'Diana's' Naveen Andrews: 'We expected a certain level of vitriol'

naveen-andrews-naomi-watts-diana.jpgNaveen Andrews is perhaps best known for his small screen roles on shows like "Lost" and now "Once Upon a Time in Wonderland," but he's also appearing on the big screen in November in "Diana," as the Princess of Wales' ( Naomi Watts) former lover Dr. Hasnat Khan. Andrews tells Zap2it that he wanted to do the project because the love story felt so pure.

"I always thought that it's very rare to have a love story on film that works," says Andrews. "You see Hollywood romances and those kinds of films all the time, but just in my opinion, it's very hard to see a film that's essentially a very simple love story that actually works."

"In our film, one of the characters is obviously international known, but apart from that, it seemed very ... pure and simple, and I guess that's why I wanted to do it."

The romance between Princess Diana and Dr.
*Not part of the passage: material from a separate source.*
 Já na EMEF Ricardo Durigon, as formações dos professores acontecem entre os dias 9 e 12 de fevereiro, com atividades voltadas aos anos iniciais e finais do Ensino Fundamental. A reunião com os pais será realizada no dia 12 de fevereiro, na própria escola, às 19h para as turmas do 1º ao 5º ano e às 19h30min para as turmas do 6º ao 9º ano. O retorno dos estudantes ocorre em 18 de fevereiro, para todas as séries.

Khan is perhaps one of the least-known things about her life, since it was vastly overshadowed by her tumultuous relationship with Prince Charles and then her later romance with Dodi Fayed, the man who was killed in the car accident along with Diana.
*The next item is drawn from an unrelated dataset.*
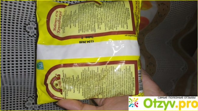 На пакете указан состав майонеза и его каллорийность. Тем, кто следит за своей фигурой, такой жирный майонез нужно кушать с осторожностью, так как он очень питательный и каллорийный.

In fact, the relationship with Dr. Khan came as a surprise even to Andrews.

"I thought, like everybody else,  that the relationship was with Dodi. It came as a sudden surprise that she would even be involved with someone like Hasnat," says Andrews.
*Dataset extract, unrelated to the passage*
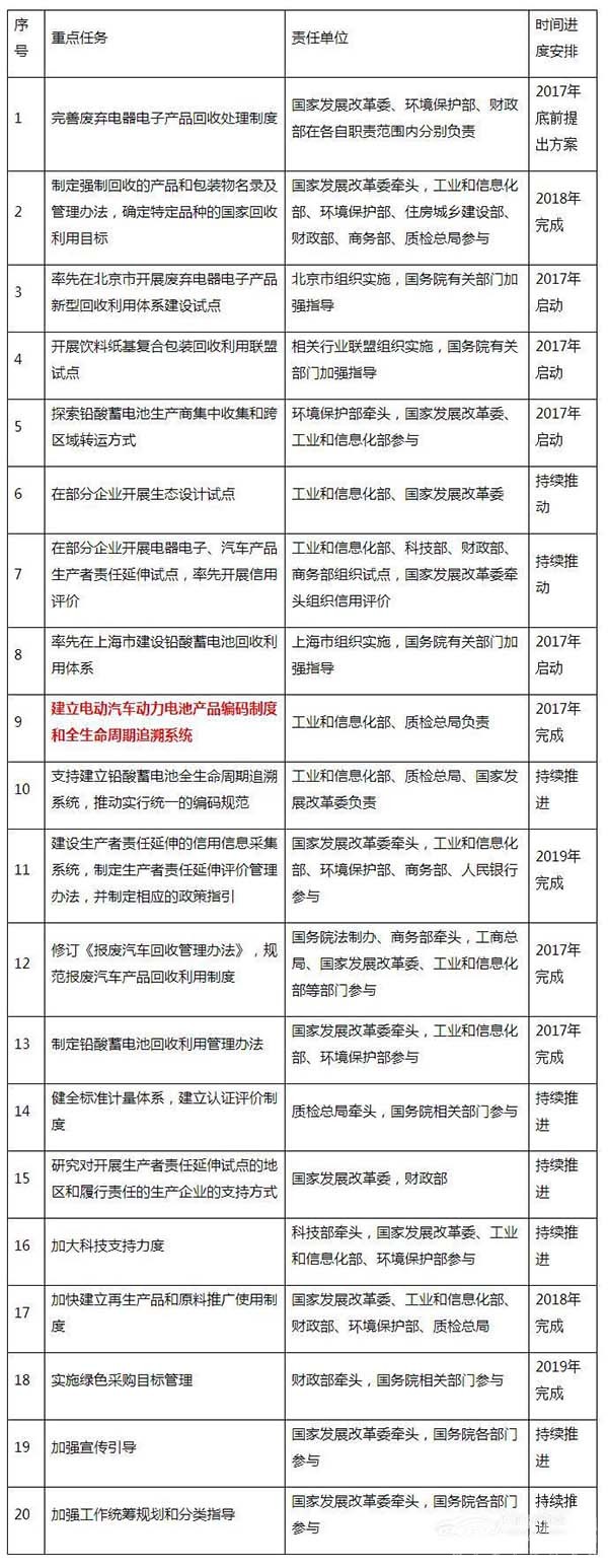 “建立电动汽车动力电池产品编码制度和全生命周期追溯系统”被列为重点任务,该项任务由工业和信息化部、质检总局负责,计划于2017年完成。

"He was a very private person and by all accounts still is. There's a certain amount of academic research you can do about that period in his life. And of course, physically I had to put on about 20 pounds. ... but there was very little film footage of him," he adds.

The film has not been getting great reviews by the British critics, which Andrews says they kind of expected, having tackled such a personal issue for many Britons.

"We expected a certain level of vitriol, absolutely, because the British and the British press, hypocritically, still feel a bit of ownership over Diana, both when she was alive and they still do now," says Andrews.

It's almost a testament to her power that she can still inspire, if you like, these sort of reactions. It almost felt like we were re-opening this wound in the national psyche and I think it's to be expected."

"Diana" opens nationwide on Friday, Nov. 1.